Cath Hassell www.ech2o.co.uk



Cath Hassell is an expert in sustainable water strategies and low-carbon technologies, formed from a background of 17 years in the plumbing industry and 16 years in environmental building.  She is director of ech2o consultants ltd, a company that works at both a strategic and individual site level, providing technological and behavioural solutions that reduce the UK’s carbon footprint.  Cath is a founder member of SWIG (the Sustainable Water Industry Group) and was a director of the AECB for seven years. Fascinated by how we use water she writes a regular column for Green Building Magazine, a water blog for the AECB and blogs about showering at a year of showering variously. She talks to a wide range of audiences across the UK about environmental issues. 

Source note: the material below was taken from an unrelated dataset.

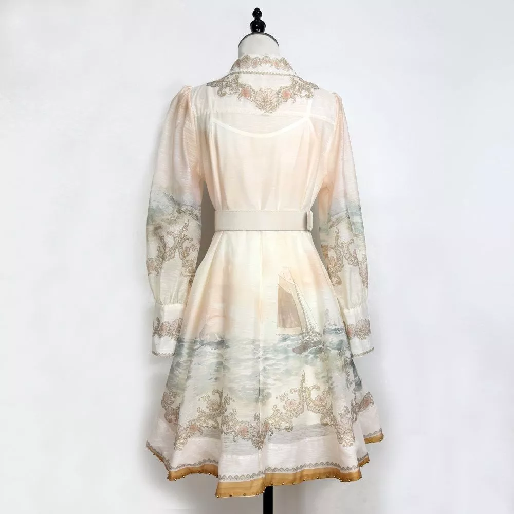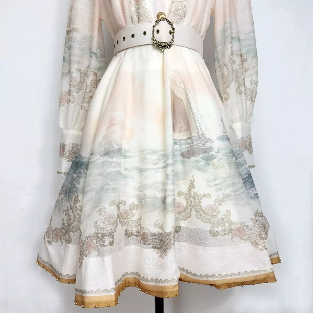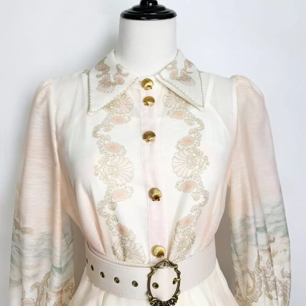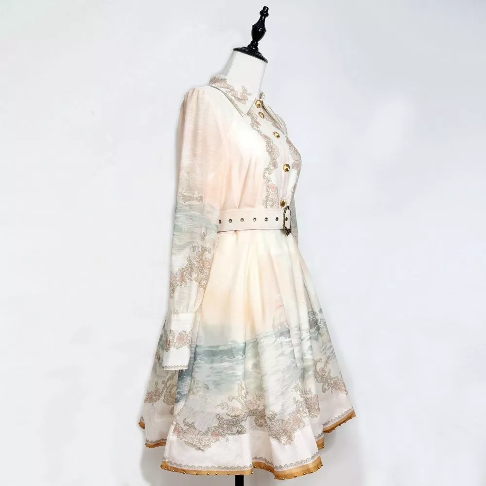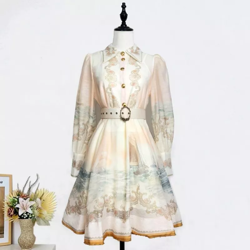 Un vestito albicocca elegante e ricercato, pensato per valorizzare la figura con una silhouette armoniosa e femminile. La fantasia raffinata con dettagli artistici crea un effetto visivo luminoso e delicato, mentre la cintura coordinata definisce la vita in modo naturale, rendendo il modello ideale per cerimonie, eventi, serate speciali o occasioni formali.

A few UK shower facts. (From At Home with Water from the Energy Savings Trust)
  • The average person in the UK uses 150 litres of water a day, 47 litres of which are for bathing
  • 2 billion litres of water are used in the UK’s showers every day
  • The average shower lasts 7.5 minutes
  • The average person runs the shower for 1.75 minutes before getting under it. (A future blog subject that’s for sure)
  • Heating hot water at home results in 6% of the UK’s CO2 emissions
And another couple of shower facts
  •  Adolescents are the most likely sector to have long showers
  • There is a concerted UK campaign to get people to shower for four minutes
So, which theory of behaviour change science should we use to influence adolescents to get out of the shower more quickly? Nudge theory is so popular in the UK there is even a Government Department dedicated to it. This theory argues that positive reinforcement and indirect suggestions can influence the motives, incentives and decision making of groups and individuals, at least as effectively, if not more so, than direct instruction, legislation, or enforcement. Shower timers are supposed to be a good example of nudge theory. 

Social norm theory uses the effect of peer pressure to influence desired behaviour. It needs over 50% of the group to carry out the behaviour, and ideally two thirds or more. Apparently the behaviour doesn’t have to be real as long as it is perceived to be real. So a statement like ‘65% of adolescents shower for five minutes or less’ is considered to be an effective social norm message.

Other behaviour change scientists would suggest that for effective behaviour change you need to strike a chord on an emotional level. Whatever that emotion is. See the Don’t Mess with Texas campaign aimed at 18 to 35 year-old males (the group statistically shown to be the most likely to litter) which reduced litter on Texas highways by over 70% between 1986 and 1990. Or Rip the Drip the antihero super nerd who thinks wasting water is cool leading to the conclusion ‘Don’t be weird, be normal.’ 

Having seen the sheer astonishment etched across the faces of adolescents when even one person in a class of 30 puts their hand up to indicate that they spend five minutes in the shower, I am pretty confident that a social norm message such as ‘65% of adolescents spend five minutes or less in the shower’ will be met with a massive ‘OMG... LOSERS!’ In my opinion, social norms don’t work with adolescents and showering so we have to try something else.

Nudge theory just seems a bit wishy washy in an attempt to shift adolescents out of their ‘yeah whatever’ default mode. So we use gudge theory - nudge theory with a dollop of added guilt. And in a blatant (but acknowledged) rip off from the people who designed the Amphiro shower, link shower use directly to the plight of the polar bears. We also up the ante by using pictures of cute polar bears in varying stages of distress. 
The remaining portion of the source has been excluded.